The enrichment of phosphate is necessary for high-efficiency nutrient recovery from wastewater through struvite precipitation. However, the majority of current nutrient enrichment processes focus on membrane-based technologies driven by external energy input. Here, the phosphate enrichment by negatively charged Poly(sodium acrylate) hydrogel beads as the self-driven dewatering agent under different conditions was investigated. The phosphate rejection decreased as its concentration increased but retained 56.9% even in 10 mmol/L PO₄³⁻ solution, which is well beyond the phosphate concentration in typical wastewater concentrates. Phosphate was concentrated 3.6 folds with a recovery of 70% using ~1 wt% of hydrogel beads in 0.5 mmol/L phosphate solution. The effects of the pH, ionic strength of the nutrient stream, and the swelling ratio of hydrogels on the rejection of phosphate were investigated. In addition, the hydrogel beads removed 100% of nickel ions during the dewatering of the phosphate solution (0.5 mmol/L Ni²⁺ and 0.5 mmol/L PO₄³⁻), presenting an opportunity for simultaneous phosphate enrichment and purification during the pretreatment for nutrient recovery from wastewater. This study demonstrated that the spontaneous dewatering process utilizing ion-selective hydrogels is promising for nutrient enrichment to promote recovery efficiency.

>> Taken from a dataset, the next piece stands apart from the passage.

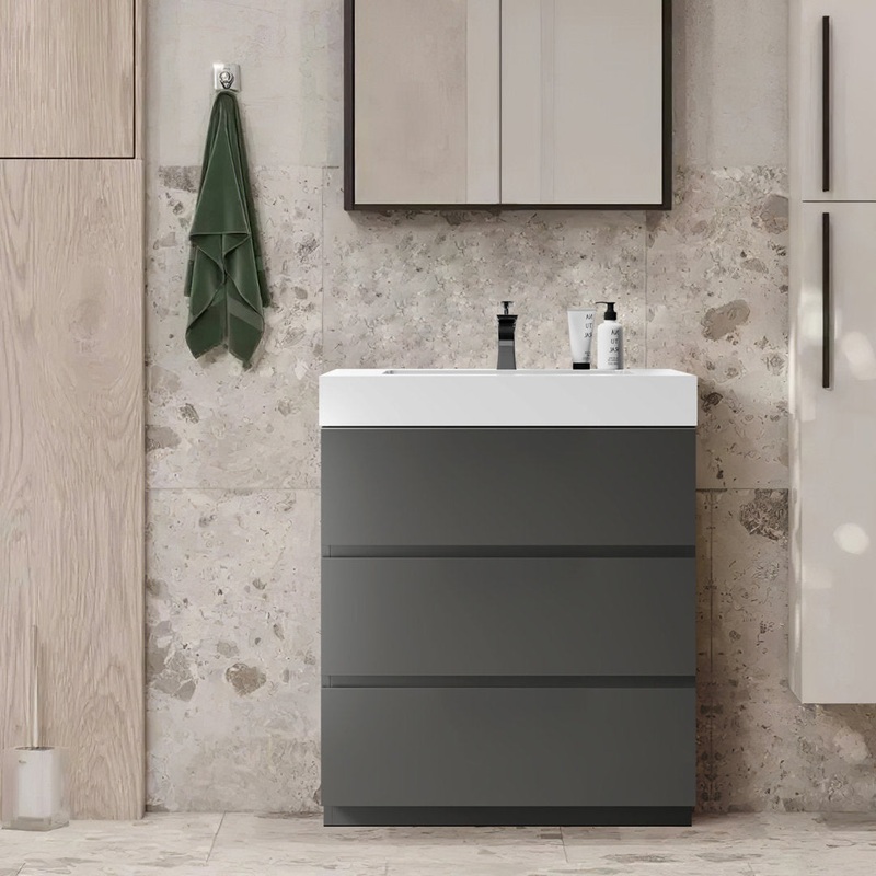 To round out your remodel or easily update your space, there's no better piece than a freestanding vanity like this one. The bathroom vanity is designed with a handleless door. With glossy white engineered stone basins, it exudes a timeless charm that effo

Keywords Nutrient recovery Hydrogel Ion selectivity Phosphate Separation

Corresponding Author(s): Xing Xie

Issue Date: 29 October 2024

Cite this article:

Zeou Dou,Yixuan Huang,Xing Xie. Self-driven phosphate enrichment by hydrogel beads for nutrient recovery[J]. Front. Environ. Sci. Eng., 2025, 19(1): 5.

URL:

https://academic.hep.com.cn/fese/EN/10.1007/s11783-025-1925-7
https://academic.hep.com.cn/fese/EN/Y2025/V19/I1/5

Tab.1 Characteristics of the phosphate media

Fig.1 Swelling ratio of PSA beads in media of different concentrations of NaCl at different pH values.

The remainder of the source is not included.